▶ **Data excerpts**
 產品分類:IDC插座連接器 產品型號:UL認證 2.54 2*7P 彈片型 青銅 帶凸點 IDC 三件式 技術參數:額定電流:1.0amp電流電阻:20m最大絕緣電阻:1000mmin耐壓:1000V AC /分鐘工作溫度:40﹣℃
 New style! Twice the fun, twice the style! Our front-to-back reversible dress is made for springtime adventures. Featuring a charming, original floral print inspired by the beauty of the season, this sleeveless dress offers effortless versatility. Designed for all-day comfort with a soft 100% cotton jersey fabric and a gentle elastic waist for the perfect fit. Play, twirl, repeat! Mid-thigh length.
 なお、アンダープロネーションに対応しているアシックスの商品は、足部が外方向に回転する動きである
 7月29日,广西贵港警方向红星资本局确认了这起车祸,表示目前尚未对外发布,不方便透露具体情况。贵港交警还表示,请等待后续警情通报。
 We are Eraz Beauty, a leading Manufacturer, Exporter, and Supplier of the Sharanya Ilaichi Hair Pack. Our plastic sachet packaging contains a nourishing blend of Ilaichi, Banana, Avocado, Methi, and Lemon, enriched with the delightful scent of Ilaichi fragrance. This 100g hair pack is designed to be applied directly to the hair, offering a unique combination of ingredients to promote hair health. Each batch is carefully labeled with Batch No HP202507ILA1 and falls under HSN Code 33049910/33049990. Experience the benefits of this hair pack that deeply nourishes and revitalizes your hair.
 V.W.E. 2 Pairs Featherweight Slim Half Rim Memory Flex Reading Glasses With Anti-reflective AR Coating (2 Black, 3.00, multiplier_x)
==
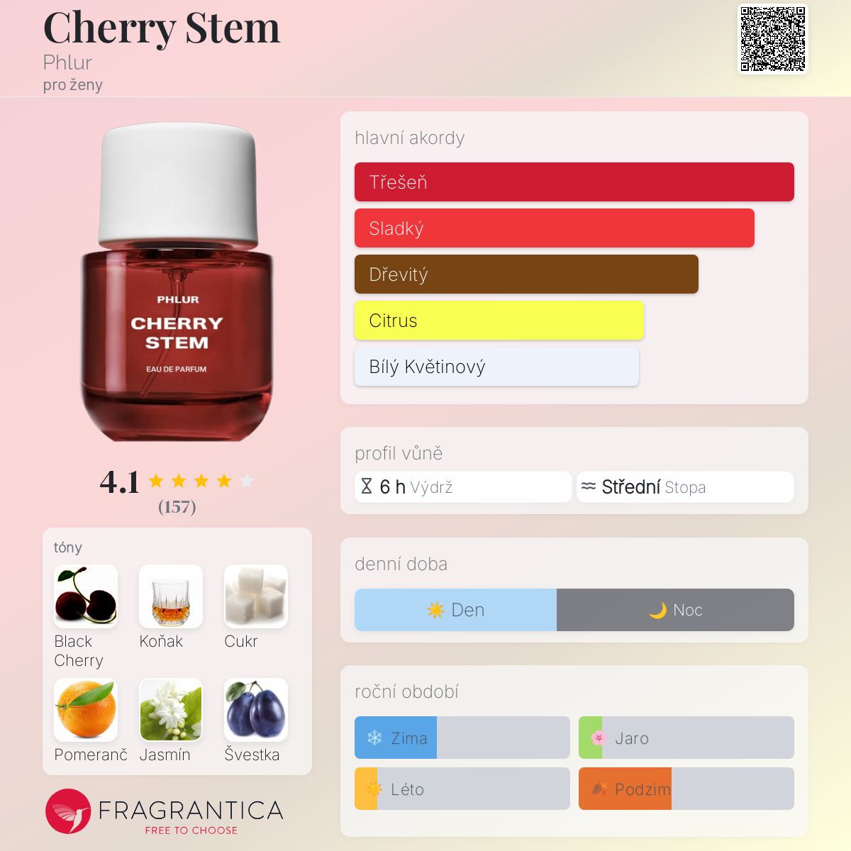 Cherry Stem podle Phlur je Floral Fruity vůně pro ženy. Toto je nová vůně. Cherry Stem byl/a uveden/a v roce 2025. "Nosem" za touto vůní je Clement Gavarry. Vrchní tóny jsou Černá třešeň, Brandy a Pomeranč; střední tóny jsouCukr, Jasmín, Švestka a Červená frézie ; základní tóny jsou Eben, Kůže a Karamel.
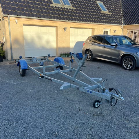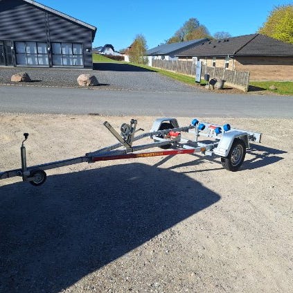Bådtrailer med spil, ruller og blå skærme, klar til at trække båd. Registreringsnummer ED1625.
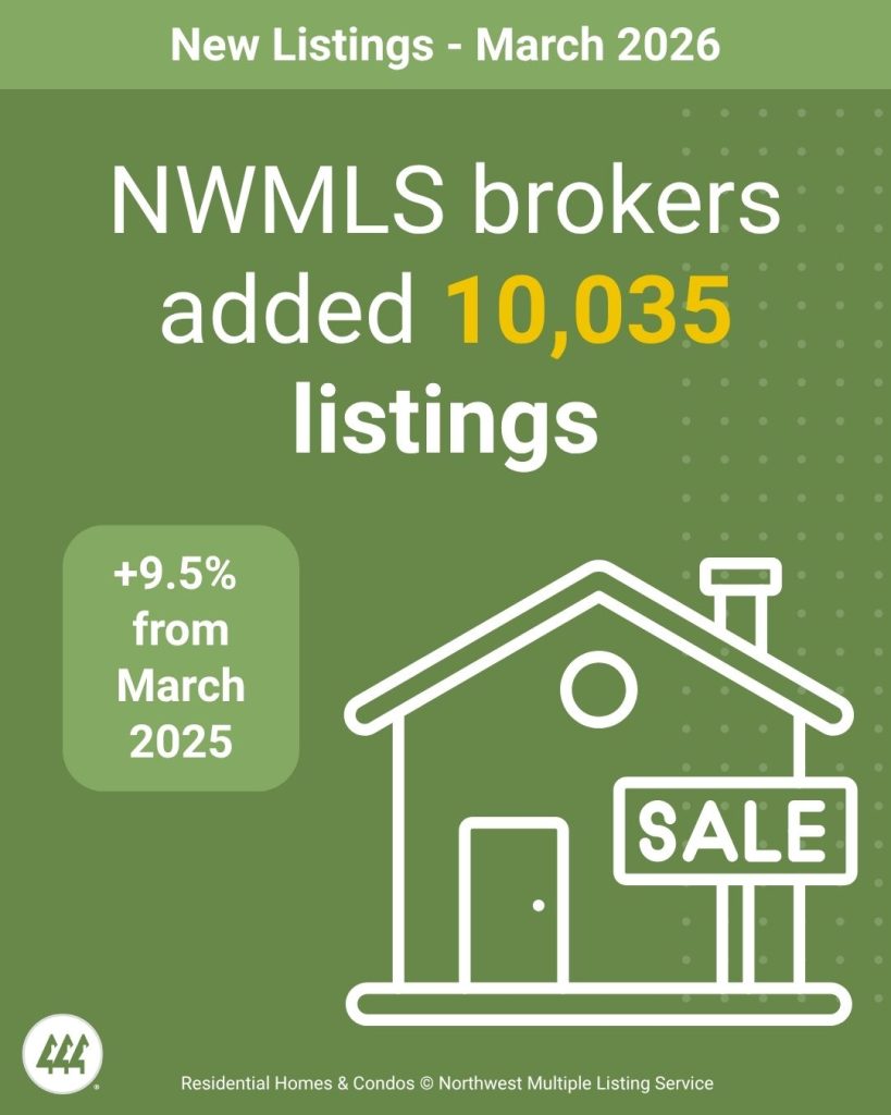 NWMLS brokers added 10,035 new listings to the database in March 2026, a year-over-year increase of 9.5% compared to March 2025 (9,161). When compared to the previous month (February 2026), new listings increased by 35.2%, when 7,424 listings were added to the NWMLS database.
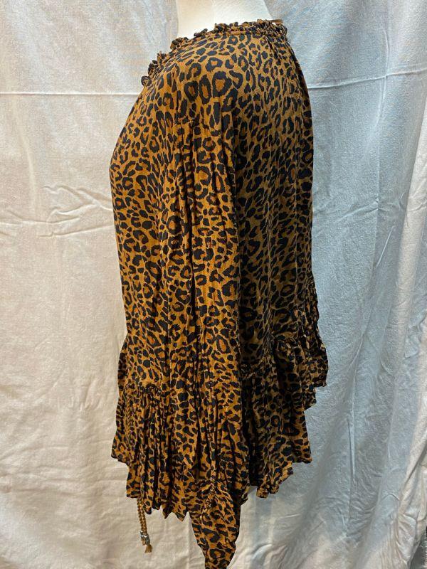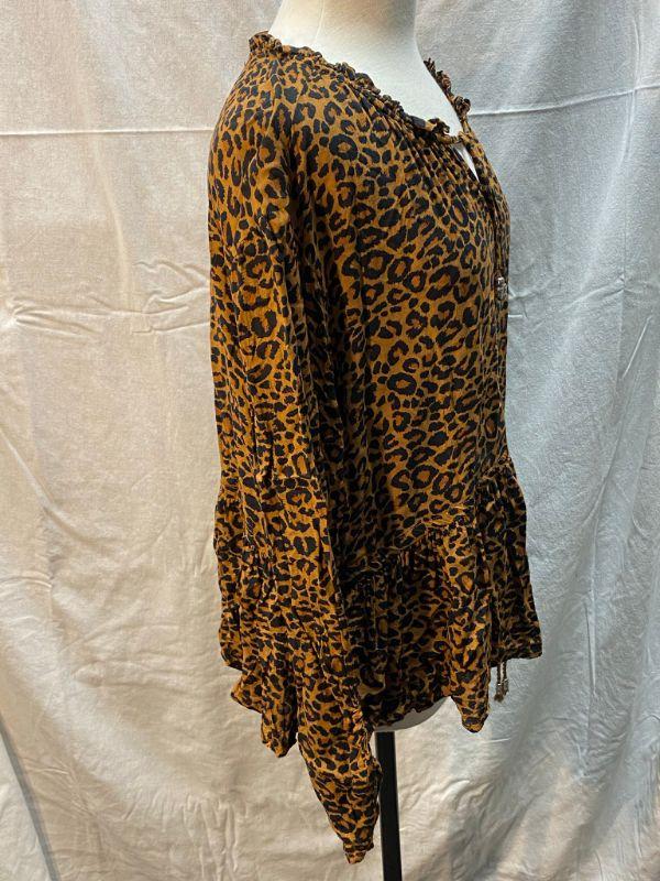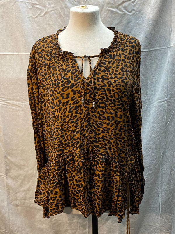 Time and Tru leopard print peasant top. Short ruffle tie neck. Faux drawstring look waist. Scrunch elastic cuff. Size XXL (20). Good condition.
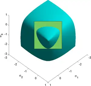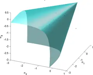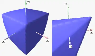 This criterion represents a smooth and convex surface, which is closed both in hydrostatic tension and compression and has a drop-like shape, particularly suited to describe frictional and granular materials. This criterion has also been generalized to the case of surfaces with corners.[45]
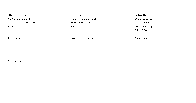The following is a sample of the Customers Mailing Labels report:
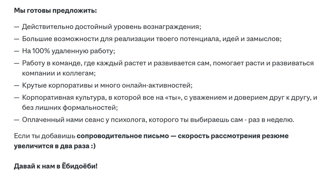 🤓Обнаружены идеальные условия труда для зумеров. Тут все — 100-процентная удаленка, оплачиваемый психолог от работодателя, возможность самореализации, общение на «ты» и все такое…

▶ **Your objective**
Print nothing except the lines above from the one containing "NWMLS brokers added" down to the one containing "Time and Tru", both included, exactly as written and free of pictures.

▶ **Output for this task**
 NWMLS brokers added 10,035 new listings to the database in March 2026, a year-over-year increase of 9.5% compared to March 2025 (9,161). When compared to the previous month (February 2026), new listings increased by 35.2%, when 7,424 listings were added to the NWMLS database.
 Time and Tru leopard print peasant top. Short ruffle tie neck. Faux drawstring look waist. Scrunch elastic cuff. Size XXL (20). Good condition.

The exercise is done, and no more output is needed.